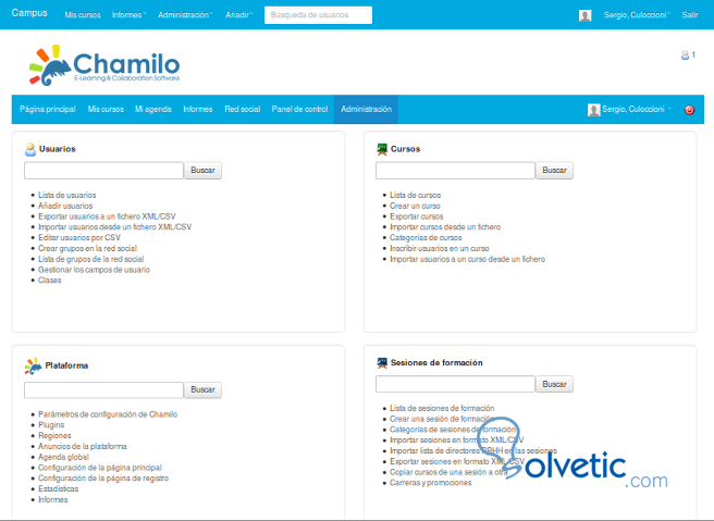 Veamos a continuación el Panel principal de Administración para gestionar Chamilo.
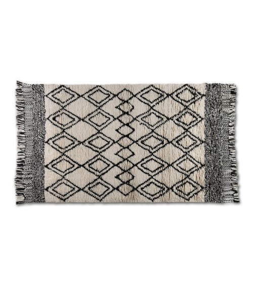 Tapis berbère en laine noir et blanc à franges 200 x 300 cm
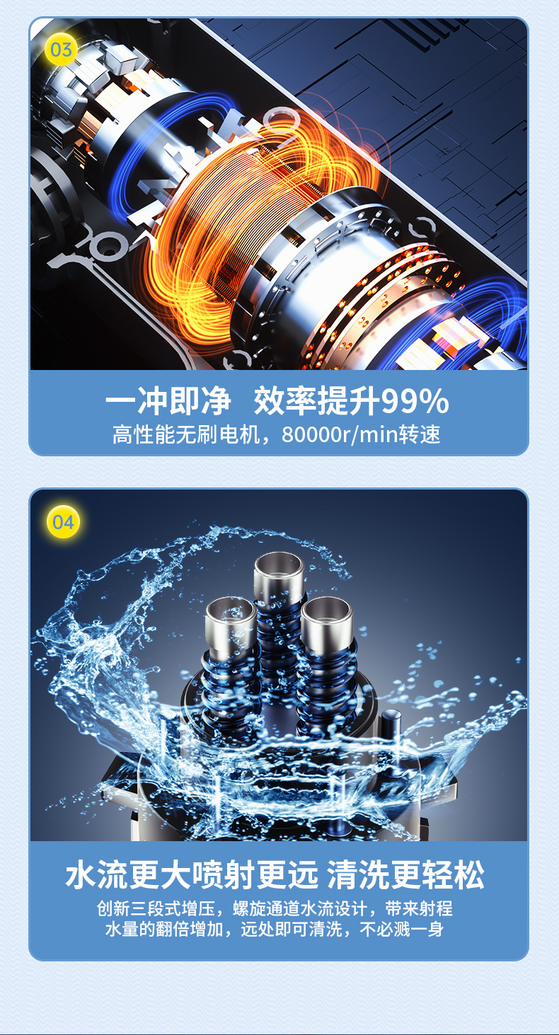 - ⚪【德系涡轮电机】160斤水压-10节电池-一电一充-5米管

> _Task brief_: Reproduce the lines above exactly, image-free.

> _Written answer_:
 Veamos a continuación el Panel principal de Administración para gestionar Chamilo.
 Tapis berbère en laine noir et blanc à franges 200 x 300 cm
 - ⚪【德系涡轮电机】160斤水压-10节电池-一电一充-5米管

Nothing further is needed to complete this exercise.